Chute historique de la confiance des entreprises britanniques – Pire que pendant la pandémie !
Le moral des patrons britanniques s'effondre – et cette fois, c'est pire qu'en pleine crise sanitaire.
Un vent de panique souffle sur le Royaume-Uni. Les indicateurs de confiance des entreprises viennent de toucher un plancher record, dépassant même les niveaux désastreux enregistrés pendant le Covid. De quoi faire trembler les marchés.
Les experts pointent un cocktail explosif : inflation tenace, taux directeurs élevés et une bonne dose d'incompétence gouvernementale. Comme si les entreprises n'avaient pas assez souffert ces dernières années.
Pendant ce temps, la City continue de parier sur des instruments financiers toujours plus obscurs – parce qu'apparemment, personne n'a retenu la leçon de 2008.
Les entreprises accordent leur confiance aux nouveaux gouvernements
Ce record de faiblesse est survenu quelques semaines seulement après l'arrivée au pouvoir du Premier ministre Ter Keir St Armer et de son gouvernement travailliste début juillet.
Le Parti travailliste avait promis d’investir dans la croissance, de meilleurs services publics et des facteurs d’attraction pour attirer les investissements. Mais les chefs d’entreprise disent avoir constaté jusqu’à présent des coûts plus élevés et peu de changement.
Le nouveau gouvernement a augmenté l'impôt sur les sociétés pour financer ses programmes sociaux et d'infrastructures. Cependant, les dirigeants ont déclaré que ces hausses d'impôts ont accentué la pression sur les entreprises en difficulté.
Anna Leach, responsable de l'analyse économique à l'Institute of Directors, a déclaré que les entreprises subissaient désormais les conséquences économiques de ces hausses d'impôts. Elle a ajouté que de nombreuses personnes étaient frustrées par la rapidité avec laquelle le gouvernement avait augmenté le coût des affaires, tout en tardant à améliorer l'environnement économique général.
En bref, le secteur privé pense qu'il paie plus et n'obtient rien. du nouveau gouvernement pour renforcer le sentiment des investisseurs sont également de courte durée. Beaucoup s'attendaient à un regain d'optimisme après la victoire du Parti travailliste aux élections. Au contraire, la confiance s'effondre encore davantage.
Les espoirs des entreprises de voir le commerce, les réformes de planification et la réglementation devenir plus clairs ont également été anéantis.
Les entreprises réduisent leurs plans de croissance
L'effondrement de générale se répercute désormais également sur l'activité économique quotidienne . L' indice distinct de l'IoD , qui mesure la confiance dans la performance des entreprises, a également fortement chuté, passant de +3 en juin à -9 en juillet. Il s'agit du deuxième niveau le plus bas depuis l'introduction de ces données il y a près de dix ans.
Les intentions d'investissement ont chuté. Les entreprises retardent leur expansion, réduisent leurs budgets et suspendent leurs projets d'embauche .
Les prévisions de croissance du chiffre d'affaires et des effectifs sont également revues à la baisse. En réalité, de nombreuses entreprises prévoient désormais de devoir verser davantage de salaires et absorber davantage de coûts d'exploitation dans les mois à venir.
Cela fait suite au dernier indice mondial des directeurs d'achat (PMI) S&P, qui a constaté que la croissance de l'activité du secteur privé a considérablement ralenti en juillet.
La croissance avait été vigoureuse tron semestre.
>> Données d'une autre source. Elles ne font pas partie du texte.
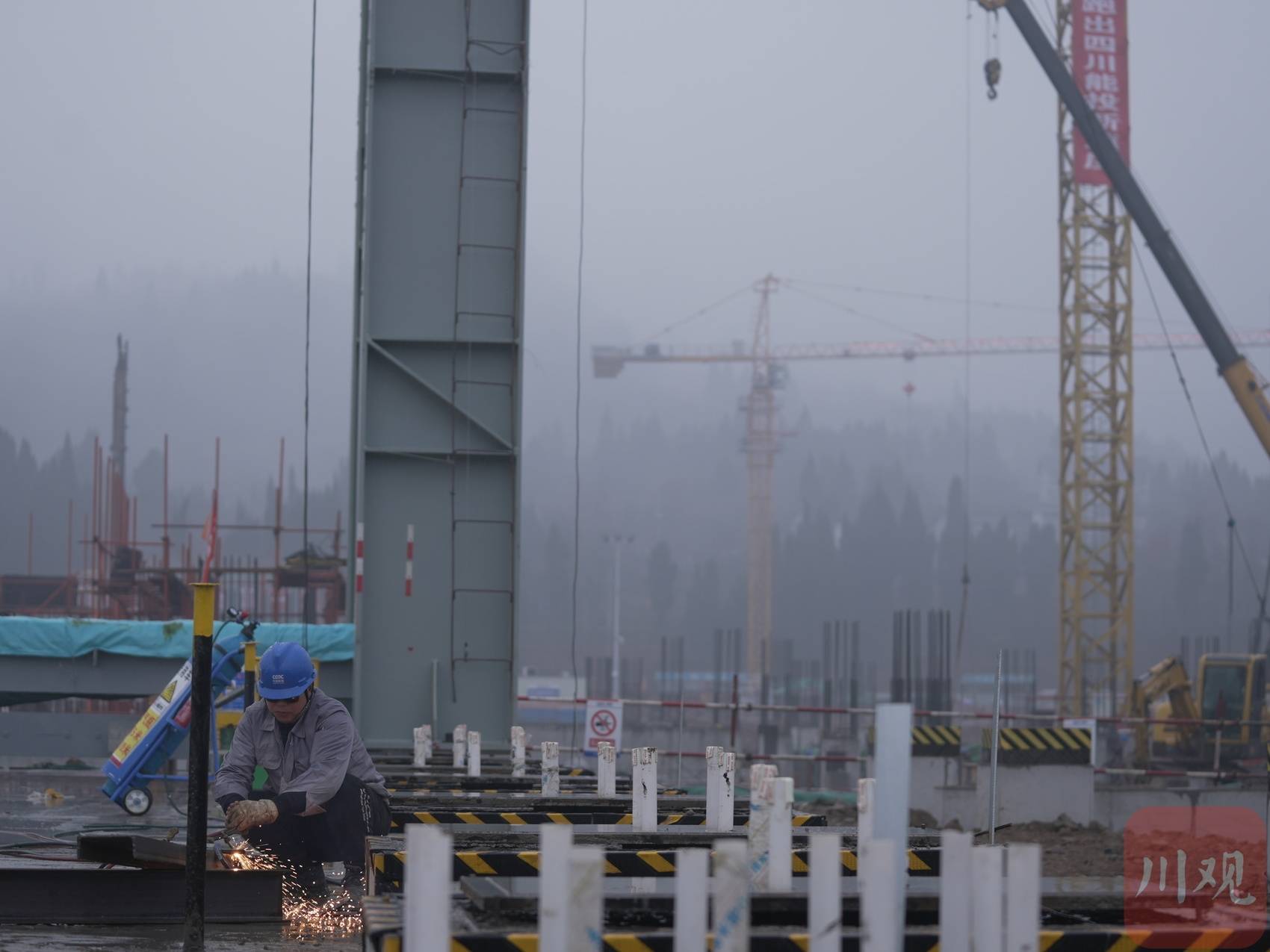 2月8日,广元经开区,四川能投广元燃气发电有限公司建设安全技术部副部长吴飞带领四川在线记者走近项目一线。一台超过10层楼高的250吨履带吊将一段高达28米的钢构举到了半空,“这是正在吊装余热锅炉的钢架。”吴飞介绍,这意味着地面以上的主体施工已经全面展开。

Mais la dynamique s'essouffle désormais. De plus en plus d'entreprises suppriment des emplois, réduisent les embauches et gèlent les nouveaux recrutements. La détermination du Parti travailliste à augmenter les cotisations sociales n'a pas aidé. Ce dernier invoque l'incertitude mondiale due à divers problèmes – tensions commerciales, événements géopolitiques, indécision des chaînes d'approvisionnement, etc. – pour justifier la prudence.
Les exportateurs sont particulièrement inquiets. L'indice IoD des projets d'exportation est devenu négatif pour la première fois depuis 2023. C'est un coup dur pour les projets commerciaux du Parti travailliste, qui prévoient également de nouveaux efforts pour négocier un accord avec les États-Unis.
Une lueur d’espoir relative au loin, celle d’une diplomatie optimiste, ne parvient guère à apaiser les craintes des entreprises britanniques quant à une paralysie intérieure et à l’incertitude mondiale croissante qui rend désormais même le secteur des exportations, sensible au risque, plus pessimiste que jamais.